Wo würden Sie denn anfangen, wenn Sie beispielsweise die EU wären?

Ich würde bei den Urheberrechtsfragen anfangen. Möglichkeiten gibt es viele. Aber ich fürchte, es gibt im Moment überhaupt nicht genug Druck auf die Regierungen, sich mit solchen Fragen auseinanderzusetzen. Aber Europa hat noch ein ganz anderes Problem: Es gibt hier gar keine ernst zu nehmende Konkurrenz zu US-Firmen, weil wir die Tendenz sehen, dass die Monopolisten immer noch größer werden.

Und hey, wollt ihr am Ende von einer Handvoll amerikanischer oder chinesischer Firmen kontrolliert werden? Das sind die wirklich wichtigen Fragen. Nicht, ob Künstliche Intelligenz uns alle glücklicher macht oder uns irgendwann in einer fernen Zukunft vernichtet. Wir müssen heute unsere Hausaufgaben machen.

Das ist das Plädoyer für eine Art Gegenlobby?

Ja, doch. Es gibt schon eine ganze Reihe von Organisationen wie EDRi (Anmerkung der Redaktion: Abkürzung für European Digital Rights). Aber wir als Gesellschaft müssen da noch besser werden.

Kann politische Regulierung überhaupt ausreichend effektiv sein? Müssen nicht am Ende auch die Unternehmen ihren Teil beitragen?

Wenn dein Unternehmen irgendein Geschäftsmodell hat, gibt es am Ende immer Geldgeber. Und die üben Druck aus, dass du mehr Gewinn machst, und immer noch mehr. Immer auf Kosten der Privatsphäre, auf Kosten deiner Nutzer.

Wäre es zum Beispiel eine Möglichkeit, zum Beispiel Universitäten besser mit Geld auszustatten?

Auf jeden Fall. Dort gibt es viel Kompetenz beim Thema Künstliche Intelligenz. Aber es ist nicht trivial, denn auch die müssen ihre Modelle wieder auf großen Datenmengen und Rechenleistung aufbauen. Und auch die müssen größere Rechenleistung in Anspruch nehmen. Und die wird aktuell von einigen wenigen Unternehmen kontrolliert.

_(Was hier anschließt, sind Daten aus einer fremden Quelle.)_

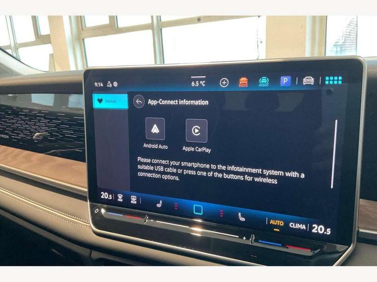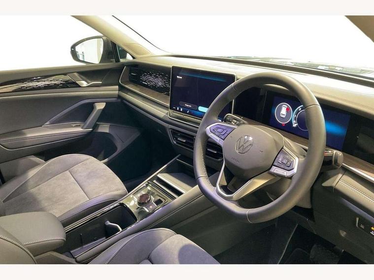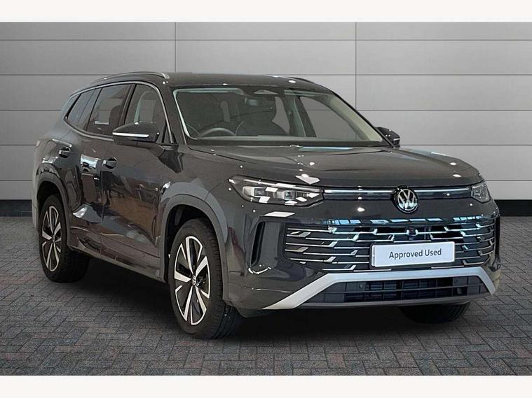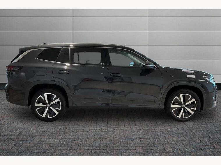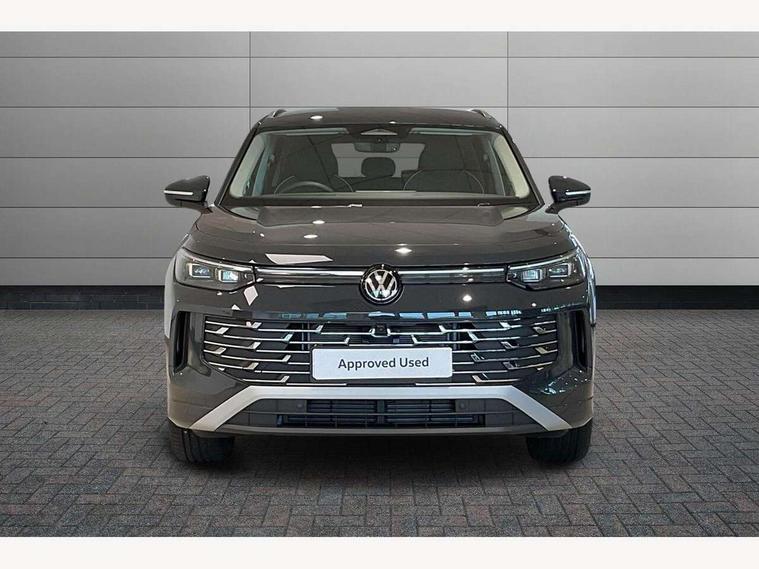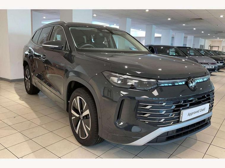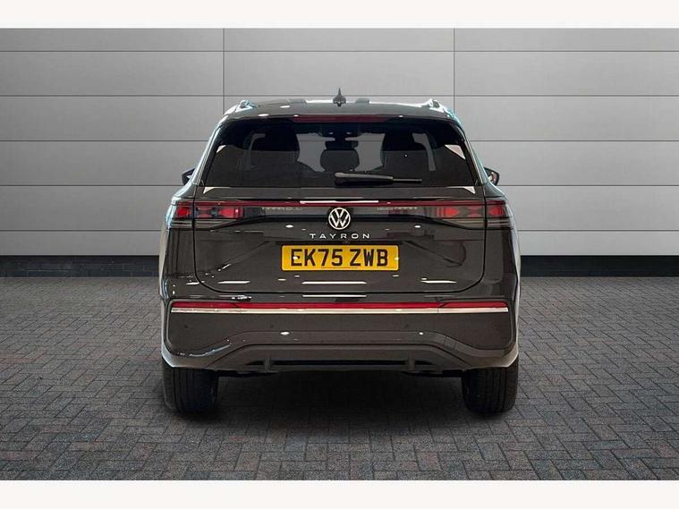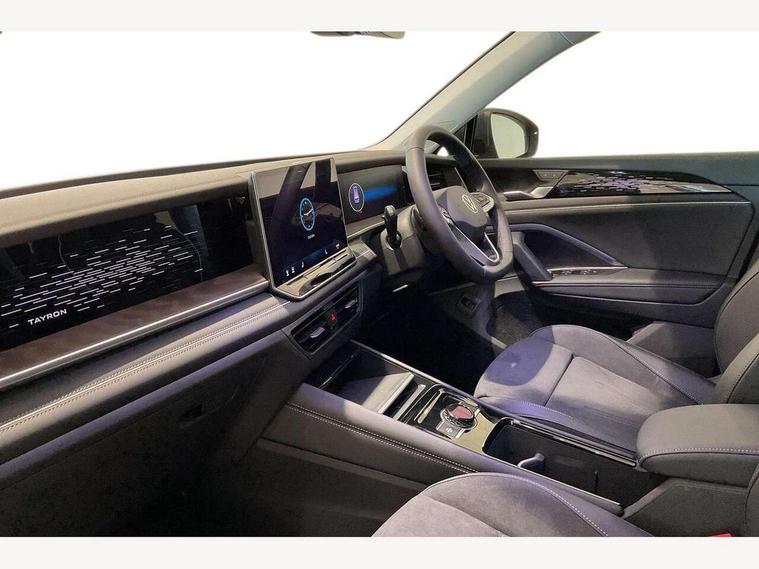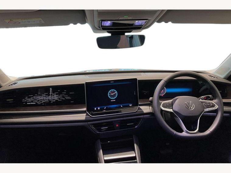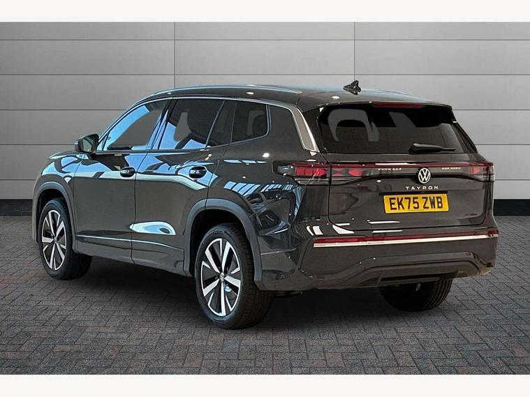 Adaptive cruise control (ACC), Digital Cockpit Pro - 10.25" high resolution dash display screen with customisable menus and information, Driver alert system, Driver attention monitoring system, Dynamic road sign display, E-Sim card for online connectivity, eCall emergency call system, Lane change system, Side assist, Rear traffic alert and Exit warning system, Multifunction front facing camera, Oncoming vehicle braking when turning including swerve support, Start/stop system with regenerative braking, Voice activation spoken voice commands for telephone and navigation system, Warning signal and warning light for front and rear seatbelts not fastened, Wireless App-Connect, Front wheel drive, Digital radio reception (DAB), Diversity antenna for FM reception, Auto dimming interior rear view mirror, Automatic headlight control system, Body colour door handles, Body coloured bumpers and air intake with chrome trim, Body-coloured exterior mirror housings, Chrome moldings on the side windows, Coming/leaving home lighting function, Dynamic headlight range control with dynamic cornering light, Exterior mirrors convex on the left and aspherical on the right, Heat insulating glass in side and rear windows, Illuminated Volkswagen logo rear with animation, Laminated safety glass from B-pillar backwards 90% tinted, Laminated safety glass windshield, heat insulating, LED 3rd brake light, LED separate signature day time running light, Puddle lights, Rain sensor windscreen wipers, Rear fog light on one side, reversing light on both sides, Rear side wing doors, Rear wiper, Reverse activated passenger's door mirror, Surround lighting with welcome light, Volkswagen logo in front, illuminated lighting animation with wake up/goodbye scenario and illuminated door handles, 10 colour interior ambient lighting, 12V outlet in center console rear and in luggage compartment, 3 rear headrests, 3 rear seat bench in 2nd row, backrest split folding with centre armrest and 2 seats in 3rd row of seats, Carpet mats, front and rear, Centre console with illuminated storage compartment with sliding cover and two drinks holders, Chrome elements on the mirror switch and power window switches and door pulls, Door and side trim panel featuring foam film with leatherette insert, Flat luggage compartment floor, Front centre armrest, Front scuff plates in aluminium, ISOFIX anchors for child seats on outer rear seats and front passenger seat compatible with i-Size, Mechanical rear seat release, Power adjustable lumbar support in front, Single front passenger seat, Sports comfort seats in front, Sun visors with illuminated vanity mirrors, Comfort package with park assist pro - Tayron, Driver assistance package - Tayron, 3 Point seat belts in front with pretensioners, 3 point seatbelts in outer rear with ECE label, Autonomous emergency braking front assist with pedestrian and cyclist monitoring, Driver and front passenger airbag with front passenger airbag deactivation, Electronic parking brake with auto hold, First aid kit with warning triangle and safety vest, Front and rear curtain airbags, Front and rear side airbags, Front centre airbag, Front disc brakes, Hill start assist, Rear disc brakes, Two tone horn, Decorative material set Elegance with inserts in ornamental wood ash in the dashboard, Interior door handle in matte chrome,
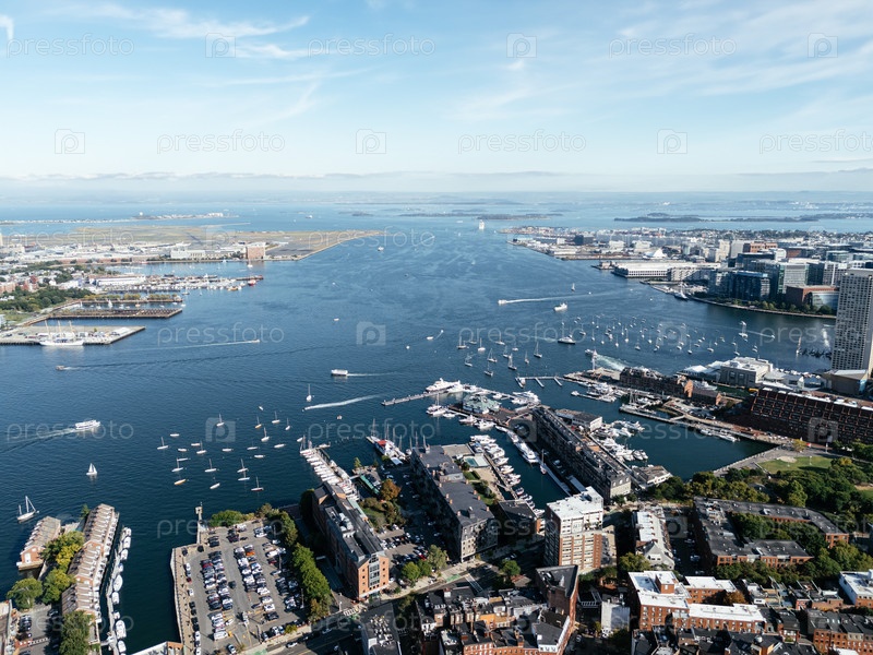 Вид из воздуха Бостонского залива с яхтами.Вид вертолета сверху.Массачусетс, США
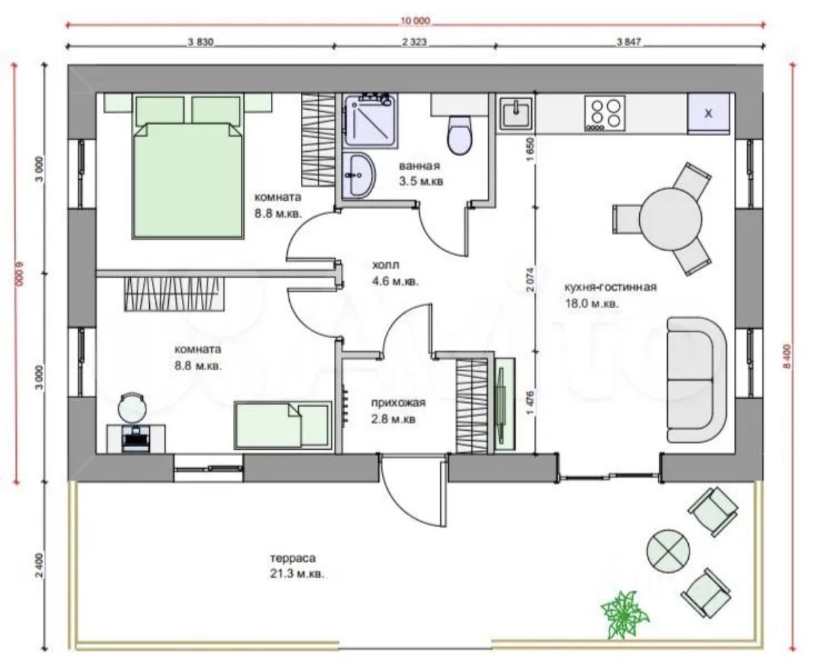 Кухня -гостинная 18 м.кв , просторный совмещенный с/у с душевой кабиной, две спальни по 9 м.кв.
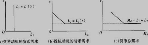再者凯恩斯的流动性偏好理论则是从货币因素来考虑利率问题,在凯恩斯看来,储蓄与投资在经济体系中属于被决定因素而非决定因素,而利率应该是属于货币经济的范畴,他是由货币供给量以及流动性偏好决定的。货币供给量是由一国货币当局通过各种政策性工具的实施来控制的,属于外生变量,所以利率应该由流动性偏好所决定。一般来说,这些资产的价格与利息率是负相关。但是当利率降到很低的水平时,人们会认为利率已经不可能在下降了,认为利率可能会上升,债券会价格下降,货币的需求弹性因此会变得无限大,遂产生流动性偏好陷阱。综上所述在经济学上,一般认为货币的总需求可以表述为:Md = L1 + L2 = L1(Y) + L2(r)如下图所示:
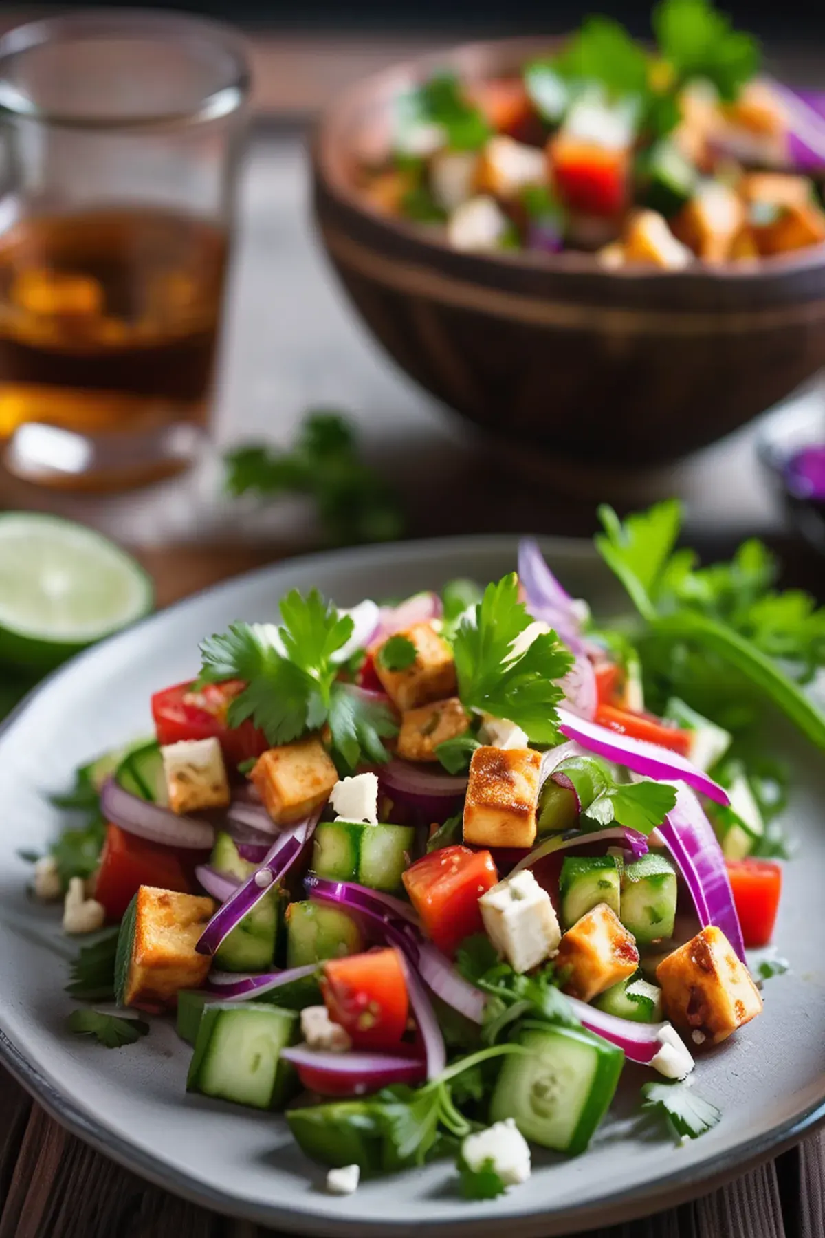 A refreshing and flavorful salad made with paneer, vegetables, and a zesty dressing.
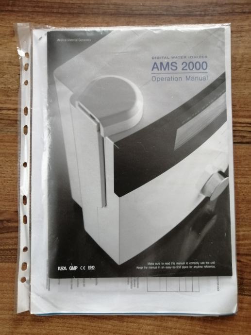 Brezhibno delujoč čistilec in ionizator pitne vode ALKAMEDI AMS 2000, z vso potrebno inštalacijsko opremo, kupljen in montiran s strani pooblaščenega prodajalca Tehnofan d.o.o.. Potrebna je nabava novega filtra z aktivnim ogljem. V trgovini Tehnofan stane 98 eur. Priložena je tudi vsa dokumentacija.
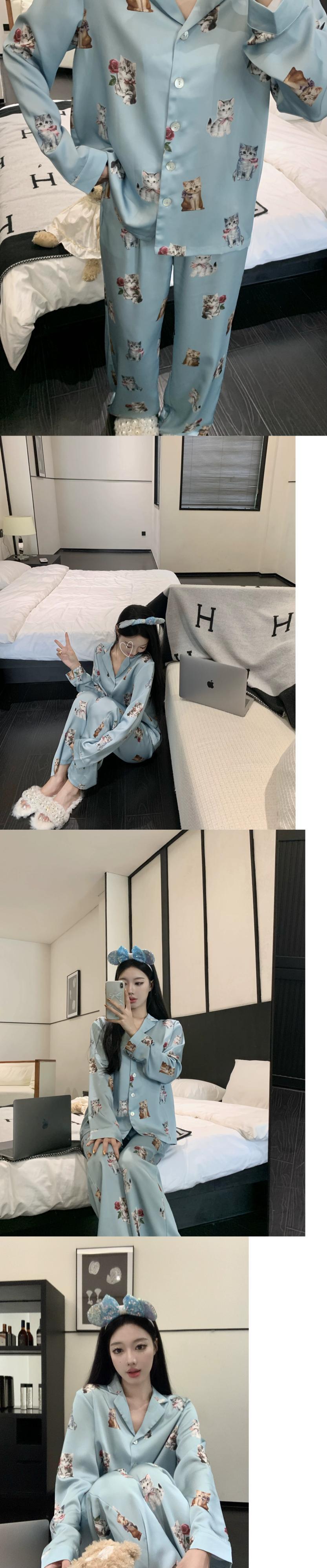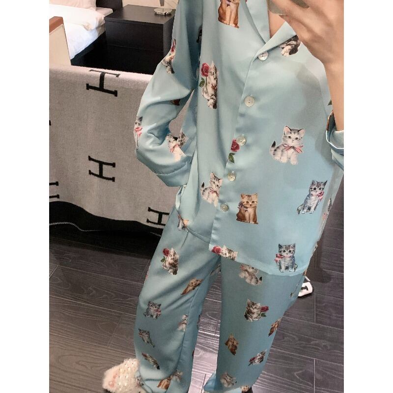 スタイルイン猫プリント長袖パジャマセット女性の春カジュアルワイドレッグパンツホームウェア 2 点セット ロング スプリング 春物 0921946291731911

Wenn wir über die nächsten 20 bis 30 Jahre reden. Was für eine Zukunft erwartet uns da? Neuralink, eine Firma von Elon Musk, hat gerade die Erlaubnis erhalten, Chips in die Gehirne von Menschen einzupflanzen ...

Ich bin keine Zukunftsforscherin. Es gibt gerade so viele verschiedene Entwicklungen weltweit, und alles beeinflusst sich gegenseitig. Aber ich habe da schon eine klare Haltung: Unsere Zukunft ist nicht vorherbestimmt. Wir können vieles ändern, wir müssen uns nur auf die wesentlichen Fragen konzentrieren. Künstliche Intelligenz hat nicht das Recht, Entscheidungen zu treffen. Ohne unseren Input, ohne einen gesellschaftlichen Konsens, in welche Richtung wir gehen wollen.